Description Javier Barroso 2010-03-04 09:02:09 UTC
Hi,

First: this is the same bug that #15427, I'll try to mark as dup, but assigned to cifs like Andrew told me.

I'm running debian sid, and last thursday I reported an bug [1].

Ben tell me about report it here .. so:

I have an alfresco (document manager) smb share (it is configured to auth
against an ldap which is the master in a PDC from SAMBA).

When I try mount an share from alfresco with kernel 2.6.30 it is fine, and ls
command show me all my files.

When I mount the same share from alfresco with kernel 2.6.32 from sid or 2.6.33
from experimental, the mount success, but ls doesn't show me any file, and I
can't access any file (it seems like they are not there)

I tried with both types:

mount -t cifs -o username=user //alfresco/alfresco ~/alfresco
mount -t smbfs -o username=user //alfresco/alfresco ~/alfresco

And the same result (as indicated previously)

Please tell me if you need more info, my config is debian sid default, and in
the bug report in debian reportbug gets many info that could be useful here
(but I don't want to get all and eat space here).

Thank you very much

[1] http://bugs.debian.org/571459
Comment 1 Javier Barroso 2010-03-04 09:04:07 UTC
*** Bug 15427 has been marked as a duplicate of this bug. ***
Comment 2 Jeff Layton 2010-03-04 13:41:46 UTC
Ok, doesn't surprise me that "cifs" and "smbfs" work similarly here -- I think debian has some sort of goop that turns smbfs mount attempts into cifs mounts.
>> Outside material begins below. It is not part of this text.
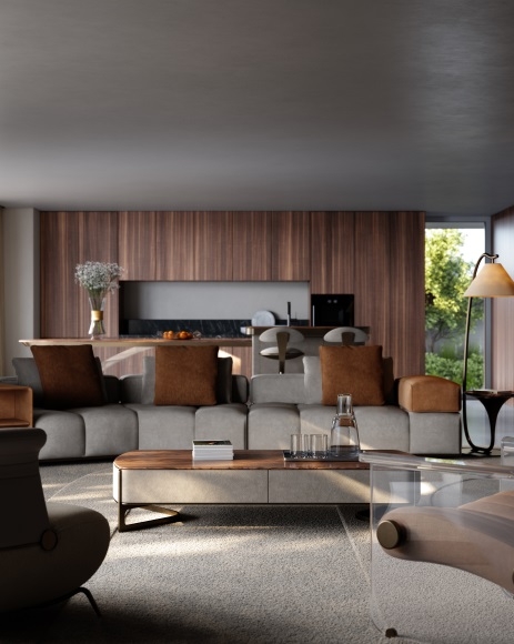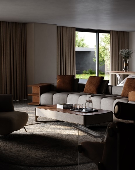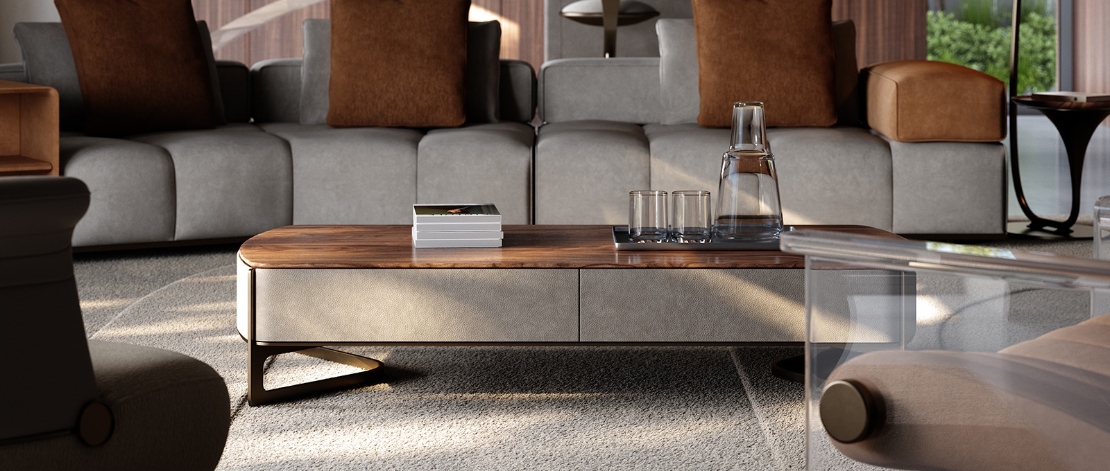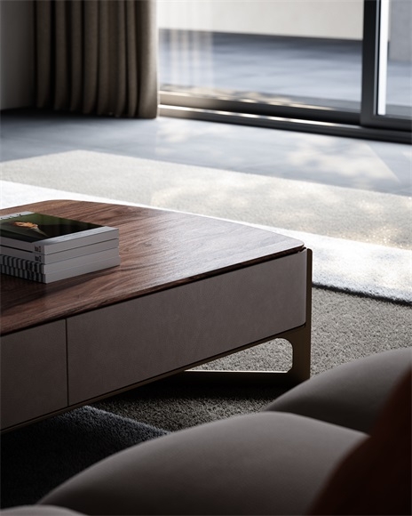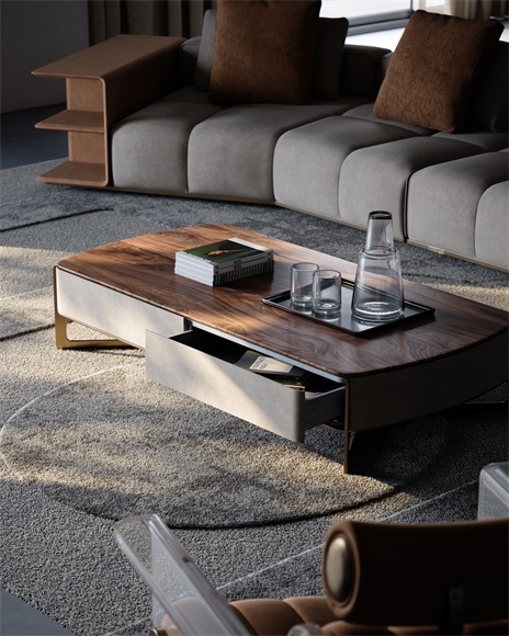 High - end coffee table with storage drawers, premium wood

Does this problem go away if you mount with '-o nomodeset' ?
Comment 3 Jeff Layton 2010-03-04 13:44:02 UTC
Hmm...I also see this in the logs on the debian bug:

[ 5051.884072] Status code returned 0xc000006d NT_STATUS_LOGON_FAILURE
[ 5051.884082]  CIFS VFS: Send error in SessSetup = -13
[ 5051.884095]  CIFS VFS: cifs_mount failed w/return code = -13

...does a new set of these messages pop up whenever you try to mount, or were those places where you fat-fingered the password?
Comment 4 Javier Barroso 2010-03-04 14:55:57 UTC
Hi Jeff,

These messages were before, I suppose I didn't write well my password.

# dmesg -c
$ mount -t cifs -o username=user,nomodeset //alfresco/alfresco ~/alfresco/
$ dmesg

[26123.836198] CIFS: Unknown mount option nomodeset

I searched in google about nomodeset option in samba, but not luck, only kernel parameters related was found

Can I probe with another parameter?

I will try booting with SystemRescueCd which have a 2.6.32.9 kernel and I will report results here

Thanks
Comment 5 Jeff Layton 2010-03-04 14:57:36 UTC
Sorry...that's what I get for posting before I've fully woken up...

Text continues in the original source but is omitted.